DENVER (AP) — A brutal Ethiopian jail guard who tortured and killed dozens of people during government-sponsored violence in the 1970s should spend 22 years in prison for immigration crimes, a federal judge ruled Friday, saying the United States cannot become a refuge for human-rights violators.

"The risk that this country becomes regarded as a safe haven for violators of human rights is such that the maximum sentence is required," U.S. District Judge John L. Kane said in sentencing Kefelgn Alemu Worku (kah-FEH'-lun ah-LEE'-moo WER'-koo) for immigration fraud.

Worku was convicted of assuming another man's identity and lying on U.S. immigration forms by denying he committed acts of political persecution. He lived quietly in the Denver area for eight years until 2011, when another Ethiopian recognized him outside a cafe and confronted him with the words, "I think I know you."

"The relatively harmless lifestyle he has had in the United States does not change the character law of psychopathy," Kane said after hearing from two witnesses who said Worku routinely beat them and others at Higher 15, a detention center established during the political violence in Ethiopia known as the Red Terror.

Human Rights organizations, including Amnesty International, have said thousands of people were killed.

In rambling testimony before he was sentenced, Worku denied the abuse claims as exaggeration.

"If I was who they are accusing me of being — a monster — I don't deserve to live," Worku said in a scratchy voice, wearing beige prison scrubs and speaking through an interpreter. "I wasn't that kind of a monster. I didn't have that kind of authority."

But Abebech Demissie, who said she was a 16-year-old high school student in 1977 when she was taken to the prison, told the judge she watched Worku shoot and kill people, including a teenage boy, then order other prisoners to "clean the blood off the floor with anything we could find, including our tongues."

More than once, she said, Worku pointed an AK-47 assault rifle at her head but spared her life, making it hard for her to testify against him. But his refusal to accept responsibility -- and what she described as his arrogant smirk -- reminded her he was not a changed man.

"The defendant is still a bloodthirsty monster who would commit the same crimes if put in a similar situation today," Demissie testified. "He must be removed from society for the longest possible time."

Worku's public defender, Matthew Golla, argued he had undergone a "metamorphosis" since living as a refugee in Kenya and then working as a law-abiding parking attendant at Denver International Airport. He stole another man's identity and used it to gain American citizenship. Golla said he helped the children of the other man, who was dying.

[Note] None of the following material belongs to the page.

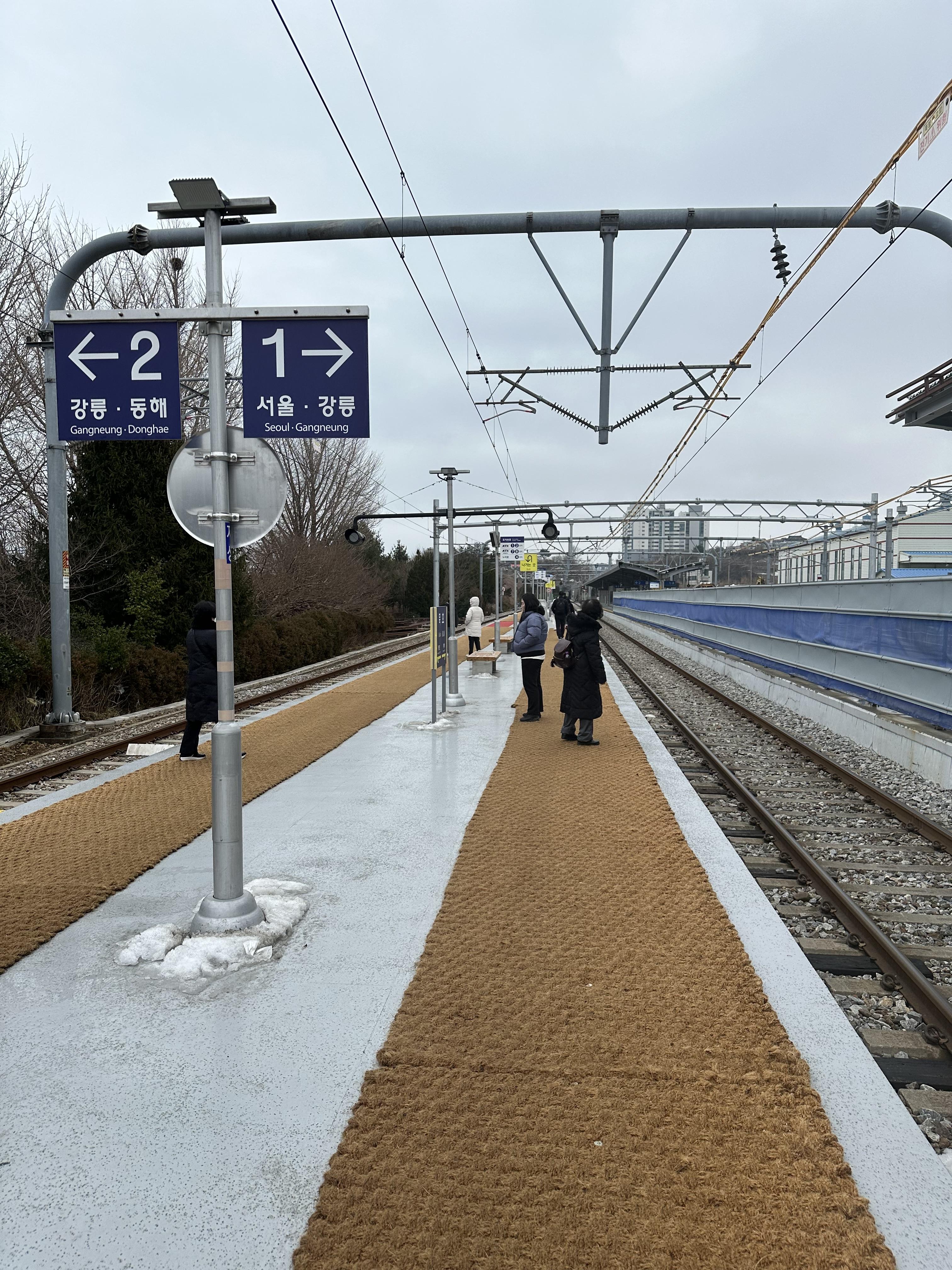 2024년 겨울여행의 두번째 여행지는 속초였습니다. 저는 속초로 가기 위해서 묵호역에서 누리로 열차를 기다리고 있었습니다. 그리고 얼마 있지 않아 누리로 열차가 묵호역에 진입하고 있었습니다.

"He appears to me to be a nice, warm person," Golla said.

Samuel Ketema, who spotted Worku and told authorities, wiped tears as he listened from the front row. When Worku spoke, he silently shook his head.

Federal sentencing guidelines recommended zero to 18 months for Worku's immigration violations. But Kane said sticking within that range would be absurd given Worku's past.

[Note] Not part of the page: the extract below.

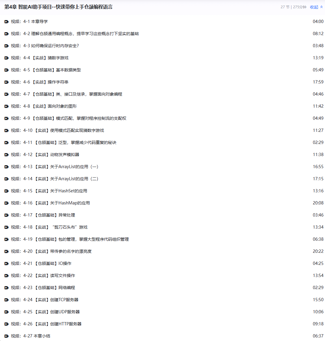 - 学习成本:由于仓颉编程语言相对小众,资料和教程有限,自主学习难度较大。如果时间有限,可能难以在规定时间内掌握并完成毕业设计。这里推荐参加视频课程,由专业讲师全程面向0基础讲解,从0到1带领学员快速掌握仓颉编程语言。另外,本课程安排了华为仓颉编程语言入门课程“第4章 智能AI助手项目–快速带你上手仓颉编程语言”,整整有275分钟时长,相信学完这章,便能完全掌握仓颉编程语言的核心语法及常用API了。

Worku, believed to be in his 60s, has not been charged in this country with crimes related to the violence. Once a member of the Marxist Derg regime, an Ethiopian high court in 2000 convicted him in absentia of genocide and sentenced him to death.

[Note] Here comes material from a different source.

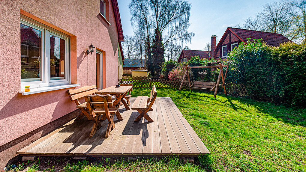 Haus: Schöne, kleine Ferienhausanlage am Rande eines Kiefernwaldes. Komfortables Haus mit Kaminofen und gehobener Ausstattung. E-Zentralheizung. Terrasse mit Sitzmöbeln, angrenzender Rasenfläche. 1 Pkw-Stellplatz vorhanden.

If he survives his U.S. prison term, Worku could be deported to his homeland, though there is no record of that country having carried out executions of other former Derg members.

After the hearing, Demissie and Ketema said they were relieved. Ketema was speechless.

"There is justice in this," Demissie said. "It's like a big burden has been lifted from my shoulders."

The U.S. Justice Department has used Worku's case to encourage refugees to report human-rights abusers hiding in plain sight.

The department's Human Rights and Special Prosecutions unit says it has secured convictions against a former Guatemalan officer who hid his role in a 1982 massacre; an ex-Salvadoran colonel who lied on immigration forms about his actions during that country's civil war; and a Bosnian man who admitted concealing his affiliation in a military brigade that committed atrocities against Muslims.